Jalur Semifinal: Duel Panas Melawan Inggris
Dengan kemenangan dramatis ini, Argentina kini bersiap untuk menghadapi Inggris dalam laga semifinal yang sangat dinantikan. Inggris sendiri melaju ke semifinal setelah kemenangan tipis 2-1 atas Norwegia melalui dua gol dari Jude Bellingham. Namun, jalan menuju semifinal bagi Inggris tidaklah mulus karena diwarnai kontroversi terkait bantuan "spider cam" dan keputusan VAR yang tidak memenangkan Norwegia dalam peluang gol Haaland. Pertemuan antara Argentina dan Inggris diprediksi akan menjadi salah satu partai paling panas di turnamen ini, mengingat kedua tim memiliki ambisi besar untuk mengangkat trofi emas. Analisis menunjukkan bahwa Argentina akan sangat mengandalkan kematangan mental mereka, sementara Inggris akan bertumpu pada ketajaman Bellingham. Jika Argentina bisa memperbaiki efektivitas serangan mereka seperti yang ditunjukkan Alvarez dan Martinez, mereka akan menjadi ancaman yang sangat menakutkan bagi siapa pun. Dunia kini menanti, apakah Argentina bisa mempertahankan konsistensi mereka atau justru terhenti di tangan skuat asuhan Inggris yang sedang dalam performa puncak.

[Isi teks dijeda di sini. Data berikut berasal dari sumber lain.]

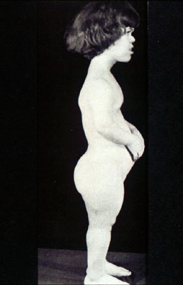 Achondroplasia, an autosomal dominant disorder that often occurs as a new mutation. Note small stature with short limbs, low nasal bridge, prominent forehead, lumbar lordosis. The head size is normal. (Figure 6-11 of Text).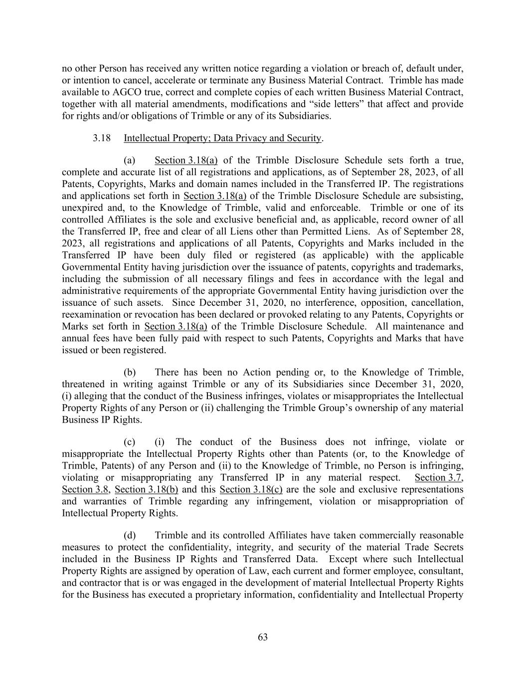 63 no other Person has received any written notice regarding a violation or breach of, default under, or intention to cancel, accelerate or terminate any Business Material Contract. Trimble has made available to AGCO true, correct and complete copies of each written Business Material Contract, together with all material amendments, modifications and “side letters” that affect and provide for rights and/or obligations of Trimble or any of its Subsidiaries. 3.18 Intellectual Property; Data Privacy and Security. (a) Section 3.18(a) of the Trimble Disclosure Schedule sets forth a true, complete and accurate list of all registrations and applications, as of September 28, 2023, of all Patents, Copyrights, Marks and domain names included in the Transferred IP. The registrations and applications set forth in Section 3.18(a) of the Trimble Disclosure Schedule are subsisting, unexpired and, to the Knowledge of Trimble, valid and enforceable. Trimble or one of its controlled Affiliates is the sole and exclusive beneficial and, as applicable, record owner of all the Transferred IP, free and clear of all Liens other than Permitted Liens. As of September 28, 2023, all registrations and applications of all Patents, Copyrights and Marks included in the Transferred IP have been duly filed or registered (as applicable) with the applicable Governmental Entity having jurisdiction over the issuance of patents, copyrights and trademarks, including the submission of all necessary filings and fees in accordance with the legal and administrative requirements of the appropriate Governmental Entity having jurisdiction over the issuance of such assets. Since December 31, 2020, no interference, opposition, cancellation, reexamination or revocation has been declared or provoked relating to any Patents, Copyrights or Marks set forth in Section 3.18(a) of the Trimble Disclosure Schedule. All maintenance and annual fees have been fully paid with respect to such Patents, Copyrights and Marks that have issued or been registered. (b) There has been no Action pending or, to the Knowledge of Trimble, threatened in writing against Trimble or any of its Subsidiaries since December 31, 2020, (i) alleging that the conduct of the Business infringes, violates or misappropriates the Intellectual Property Rights of any Person or (ii) challenging the Trimble Group’s ownership of any material Business IP Rights. (c) (i) The conduct of the Business does not infringe, violate or misappropriate the Intellectual Property Rights other than Patents (or, to the Knowledge of Trimble, Patents) of any Person and (ii) to the Knowledge of Trimble, no Person is infringing, violating or misappropriating any Transferred IP in any material respect. Section 3.7, Section 3.8, Section 3.18(b) and this Section 3.18(c) are the sole and exclusive representations and warranties of Trimble regarding any infringement, violation or misappropriation of Intellectual Property Rights. (d) Trimble and its controlled Affiliates have taken commercially reasonable measures to protect the confidentiality, integrity, and security of the material Trade Secrets included in the Business IP Rights and Transferred Data. Except where such Intellectual Property Rights are assigned by operation of Law, each current and former employee, consultant, and contractor that is or was engaged in the development of material Intellectual Property Rights for the Business has executed a proprietary information, confidentiality and Intellectual Property

Simpulan Pertandingan di Kansas City
Secara keseluruhan, laga di Kansas City ini adalah drama sepak bola yang lengkap, mulai dari dominasi taktis, kontroversi wasit, kartu merah, hingga gol-gol spektakuler di masa tambahan waktu. Argentina memang tidak tampil dominan dalam penguasaan bola, namun mereka membuktikan bahwa efisiensi dan ketenangan di saat kritis adalah kunci utama dalam turnamen tingkat tinggi. Kemenangan 3-1 atas Swiss ini memberikan suntikan moral yang sangat besar bagi skuad La Albiceleste sebelum menghadapi tantangan yang lebih besar di semifinal. Di sisi lain, bagi Swiss, kekalahan ini adalah pelajaran berharga mengenai betapa tipisnya jarak antara kegagalan dan kejayaan dalam sepak bola profesional. Keajaiban Alvarez akan terus dibicarakan, menjadikannya salah satu pemain paling berpengaruh dalam perjalanan Argentina di turnamen ini. Penonton kini hanya perlu menunggu untuk melihat apakah Argentina dapat mempertahankan momentum magis ini dalam pertandingan selanjutnya yang sangat krusial.